Purzel123
Mitglied
- Beiträge:
- 11
- Themen:
- 1
- Danke erhalten:
- 2
- Mitglied seit:
vor kurzem erst hatte ich hier einen Thread indem es darum ging, ob ich noch um meinen Freund kämpfen soll.
Inzwischen habe ich mich von ihm getrennt. Wir waren 5 Jahre ein Team und haben 1 Jahr zusammengewohnt. Da ich seine erste Freundin war, hat er Torschlusspanik bekommen und Angst bekommen etwas zu verpassen und mich nicht glücklich machen zu können. Ich stehe mit beiden Beinen fest im Leben, er studiert noch und weiß noch gar nicht so wirklich wohin ihn die Reise führt.
Aber klar ist: Wir lieben uns dennoch!
Die Neugier in ihm und die Zweifel waren allerdings größer, ob es nicht noch jemand anderes für ihn gibt. Es hat mir sehr weh getan, zumal er es immer weiter verdrängt hat und nicht wusste was er wollte.
Darum musste ich an mich denken und einen Schlussstrich ziehen.
Letztendlich haben wir uns einvernehmlich getrennt, ihn belastet zurzeit einfach zu viel. Darum konnte er sich nicht mehr, um unsere Beziehung kümmern. Wir sind beide sehr traurig darüber und haben uns immer wieder gesagt, das wir uns lieben, aber es nicht anders geht.
Ich bin dann erst einmal für 1 Woche zu einer Freundin gefahren, um der Situation zu entfliehen. Habe Achterbahnfahrten der Gefühle durchlebt und es wird auch noch mehr auf mich zu kommen.
Dennoch, und ich weiß nicht ob das nicht verrückt ist, als ich zurück kam, konnten wir einfach nicht loslassen. Die Trennung ist sicher, da wir beide uns jetzt ohne einander weiter entwickeln müssen. Wir glauben an das Schicksal und wenn dieses es wirklich vorgesehen hat, das wir zueinander gehören, werden wir irgendwann wieder zueinander finden.
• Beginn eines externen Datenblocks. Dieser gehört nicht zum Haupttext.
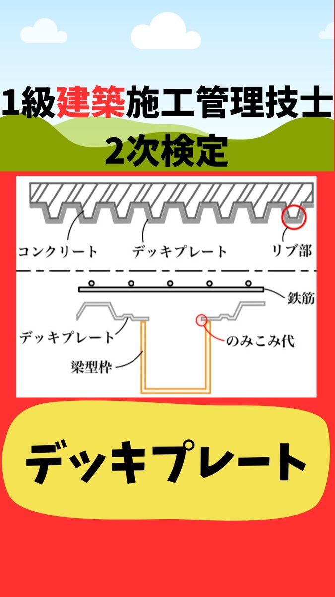 ◆デッキプレート 波形に成形された鋼板で強度を高くしたもの。床の重さを支える材料。 ↓【YouTube shorts解説】 youtube.com/shorts/LYrq0Rc… #1級建築施工管理技士 #2次検定 #建築 #建築施工 #デッキプレート #フラットデッキスラブ #型枠工事 #型枠 # #のみこみ pic.x.com/vpubDbagOh

Aber das eigentliche, weshalb ich hier schreibe, ist unser Verhalten jeweils gegenüber. Wir lieben uns, wissen aber das es wie es im Moment ist nicht funktioniert, aber die Trennung hat den Druck genommen.
Das das Wort Beziehung in seinem Kopf so etwas ausgelöst hat durch den ganzen Stress im letzten Jahr bei ihm hatte ich mir schon gedacht, aber dennoch streiten wir nicht. Schlafen noch im selben Bett miteinander. Diese Vertrautheit ist einfach da.
An dem Tag, als ich zurückkam, haben wir uns umarmt. Und wir wussten beide, das es falsch war, aber er konnte plötzlich nicht mehr die Finger von mir lassen.
Die Blockade die er Wochen zuvor hatte es mir nicht recht machen zu können und der zu wenige Sex waren weg!
Wir schlafen miteinander und ich wusste erst nicht damit umzugehen. Wir genießen es. Kennen uns und kosten es aus. Wir wissen das der jeweils andere frei ist und dennoch hängen unsere Herzen noch so an einander. Natürlich läuft ab und an eine Träne, aber einfach, weil es so eine schöne Zeit war.
Er möchte mich um sich herum haben, er sagt selbst das wir Seelenverwandte sind. Wir verstehen uns ohne Worte. Und es tut nicht weh. Ich genieße unseren derzeitigen Umgang miteinander.
Natürlich wird es nochmal weh tun, wenn wir unsere gemeinsame Wohnung aufgeben in drei Monaten, aber ich sehe es als Neustart und freue mich auf die Zukunft. Er möchte, obwohl es für ihn einfacher wäre, die Zeit noch mit mir in der Wohnung bleiben.
Wir sagen uns, warum es denn sein lassen, wenn es uns doch gut tut.
Sexuell hatte er mich total vernachlässigt und jetzt, die Ironie, läuft es besser als in dem Jahr zuvor, wo das alles angefangen hat. Fast so, als hätte man uns den Käfig genommen.
Ich würde ihn nicht zurück nehmen, da, wenn, ich erst möchte, das er seine Erfahrungen macht. Und wenn es dann noch passt und es die Lebenssituation zu lässt gerne wieder auf mich zu kommen lassen möchte.
Wir sind Freunde, Familie und Liebende.
Kann das gut gehen? Freundschaft + mit dem Ex? Wenn beide Seiten sich noch lieben, aber klar ist, das eine Beziehung zurzeit nicht mehr im Raum steht?
Wir beide möchten auch, wenn ich umgezogen bin und er zu seiner Mutter zurück geht, dass wir noch Kontakt halten.
Vielleicht war ja jemand schonmal in einer ähnlichen Situation. Denn das ist doch nicht normal?